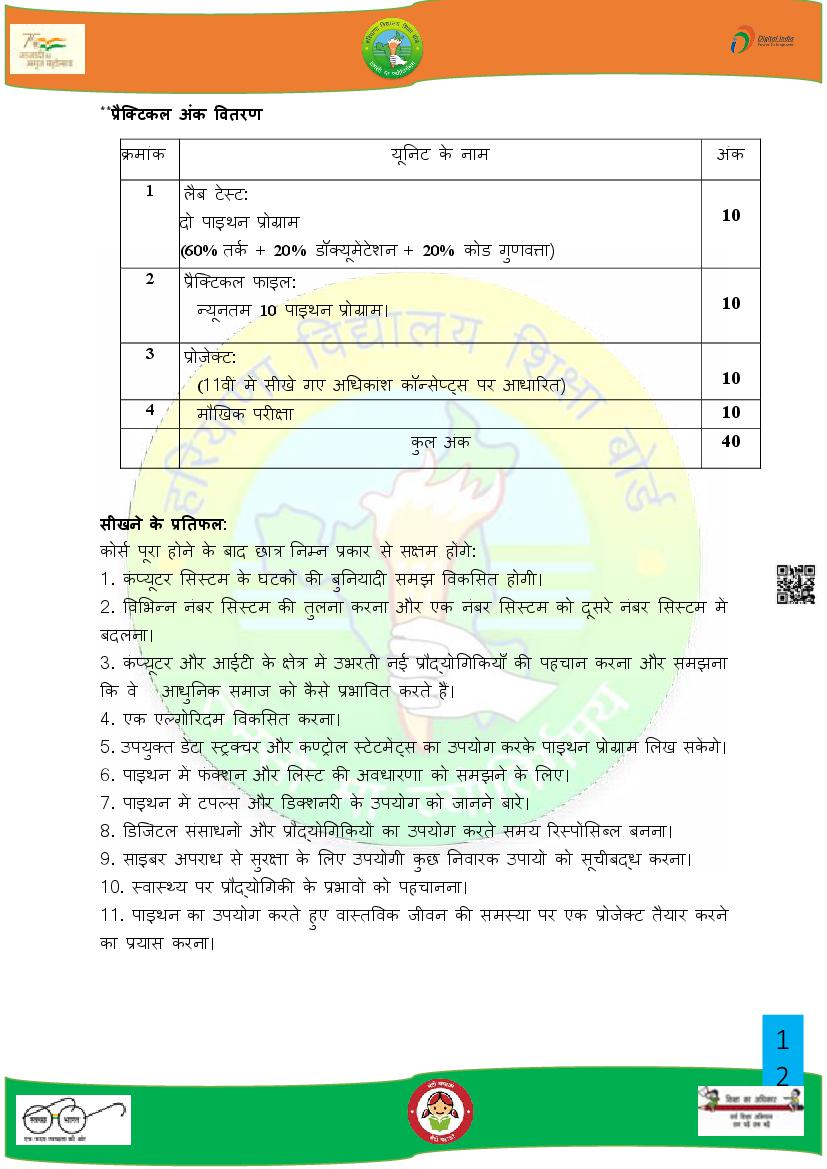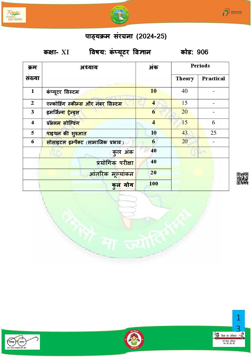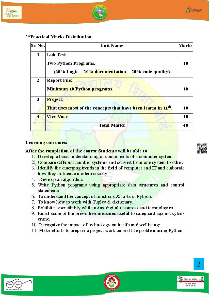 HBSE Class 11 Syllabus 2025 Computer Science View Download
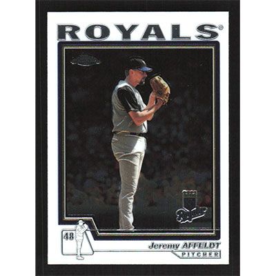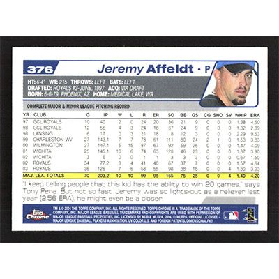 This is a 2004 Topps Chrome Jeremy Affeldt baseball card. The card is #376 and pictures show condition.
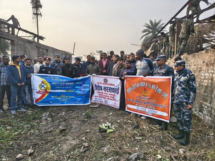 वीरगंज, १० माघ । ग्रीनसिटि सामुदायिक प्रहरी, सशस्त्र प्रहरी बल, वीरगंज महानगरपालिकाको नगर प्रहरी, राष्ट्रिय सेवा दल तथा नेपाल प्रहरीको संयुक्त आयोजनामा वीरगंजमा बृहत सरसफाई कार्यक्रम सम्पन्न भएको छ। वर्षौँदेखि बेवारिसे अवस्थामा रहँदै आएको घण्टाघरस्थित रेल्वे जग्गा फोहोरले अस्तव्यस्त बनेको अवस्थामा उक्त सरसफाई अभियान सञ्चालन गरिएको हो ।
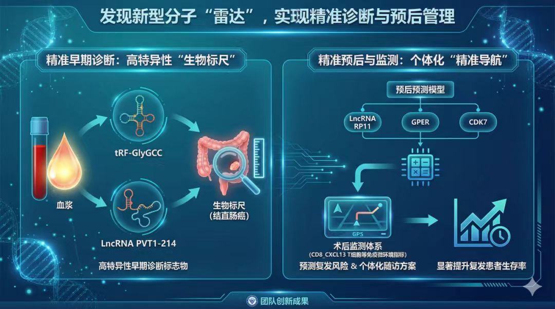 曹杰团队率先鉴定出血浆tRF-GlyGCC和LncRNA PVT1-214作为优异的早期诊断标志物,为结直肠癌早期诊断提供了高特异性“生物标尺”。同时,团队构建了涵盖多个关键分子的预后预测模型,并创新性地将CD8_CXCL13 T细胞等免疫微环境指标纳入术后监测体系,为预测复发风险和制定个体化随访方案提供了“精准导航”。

• WHAT THE TASK ASKS
The required output consists only of the lines from the one containing "This is a 2004" to the last line of the material, reproduced exactly, pictures excluded.

• YOUR SOLUTION
 This is a 2004 Topps Chrome Jeremy Affeldt baseball card. The card is #376 and pictures show condition.
 वीरगंज, १० माघ । ग्रीनसिटि सामुदायिक प्रहरी, सशस्त्र प्रहरी बल, वीरगंज महानगरपालिकाको नगर प्रहरी, राष्ट्रिय सेवा दल तथा नेपाल प्रहरीको संयुक्त आयोजनामा वीरगंजमा बृहत सरसफाई कार्यक्रम सम्पन्न भएको छ। वर्षौँदेखि बेवारिसे अवस्थामा रहँदै आएको घण्टाघरस्थित रेल्वे जग्गा फोहोरले अस्तव्यस्त बनेको अवस्थामा उक्त सरसफाई अभियान सञ्चालन गरिएको हो ।
 曹杰团队率先鉴定出血浆tRF-GlyGCC和LncRNA PVT1-214作为优异的早期诊断标志物,为结直肠癌早期诊断提供了高特异性“生物标尺”。同时,团队构建了涵盖多个关键分子的预后预测模型,并创新性地将CD8_CXCL13 T细胞等免疫微环境指标纳入术后监测体系,为预测复发风险和制定个体化随访方案提供了“精准导航”。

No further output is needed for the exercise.